Financial analysis thrives on information. There is an extended discussion earlier in this report of the various and sundry information sources employed by financial analysts and investment managers [included in 1(b)]. For capital allocation to proceed efficiently in our economy, information must be disseminated both promptly and publicly. This applies to financial information, both in the form of financial statements and otherwise, as well as to sources of all nonfinancial data that can affect perceptions of the value of companies. The two conditions, promptly and publicly, are complementary. As we explain below, if financial information is not disclosed to the public promptly it will become known first to a small number of privileged "insiders," only later filtering down to the public at large. Those circumstances place an onerous burden on AIMR members who are prohibited against the use of material nonpublic information by the AIMR Code of Ethics and Standards of Professional Conduct. [Footnote reference omitted.] [AIMR/FAPC92, p. 34]

The economic affairs of an enterprise should be reported in financial statement form at regular and frequent intervals. A year or six months is too long to wait for facts, either good or bad, to be disclosed formally. Less than three months is too short a period for most businesses to make meaningful measurements of economic activity; it also would require excessive periodic assessments of financial status. Thus quarterly interim reporting satisfies optimally the tradeoff between: (a) the maximum length of time an analyst should have to wait to receive a report on an enterprise's economic progress and status, versus (b) the minimum period of time for which meaningful financial measures can be made. [AIMR/FAPC92, p. 35]
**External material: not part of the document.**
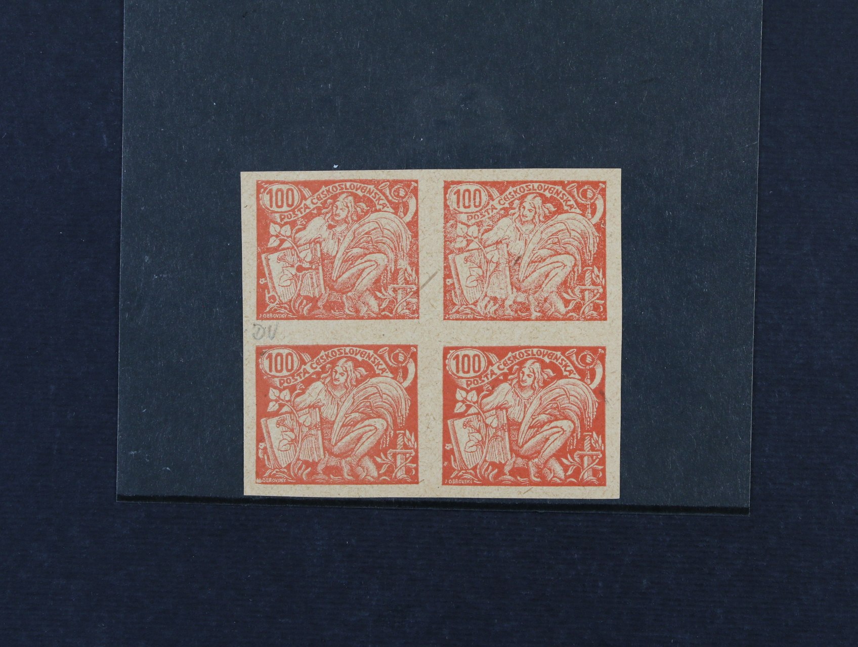 • ZT zn. č. 173 v orig. barvě ve čtyřbloku na nažloutlém papíře s VV velká červená skvrna na spodním rohu knihy a lipových ratolestech na levé horní zn.

Our comments on quarterly reporting herein have two different purposes. First, we wish to make clear and emphatic our unanimous opposition to recent movements by certain individuals and organizations to abolish mandatory quarterly reporting. Our case takes two forms: (a) substantiating the reasons why quarterly reports are vital to analysts and, perforce, for the efficient functioning of the capital markets; (b) showing why the arguments made for the eradication of mandated quarterly reporting are specious.11 Second, we wish to explicate how quarterly financial reporting needs to and should be improved. [Also included in 11(c)] [AIMR/FAPC92, p. 35]

Arguments Supporting Mandated Quarterly Reporting

The most overwhelmingly important ground for retaining quarterly reporting requirements is that alluded to above, the efficient allocation of capital within the economy. To repeat, financial analysis thrives on information. The more quickly it is made available, the faster investment decisions may be made to direct capital to uses that will overall maximize economic welfare. The ideal state is one in which economic events and their consequences are made public as they occur. In fact, most significant economic events become public knowledge before they are reported in financial statements. Their consequences however are a matter of speculation and disagreement among analysts, much of it reasonable and rational but speculation nonetheless, until financial statements are released. Until that time uncertainty exists, carrying with it a concomitant increase in capital cost. [AIMR/FAPC92, p. 35]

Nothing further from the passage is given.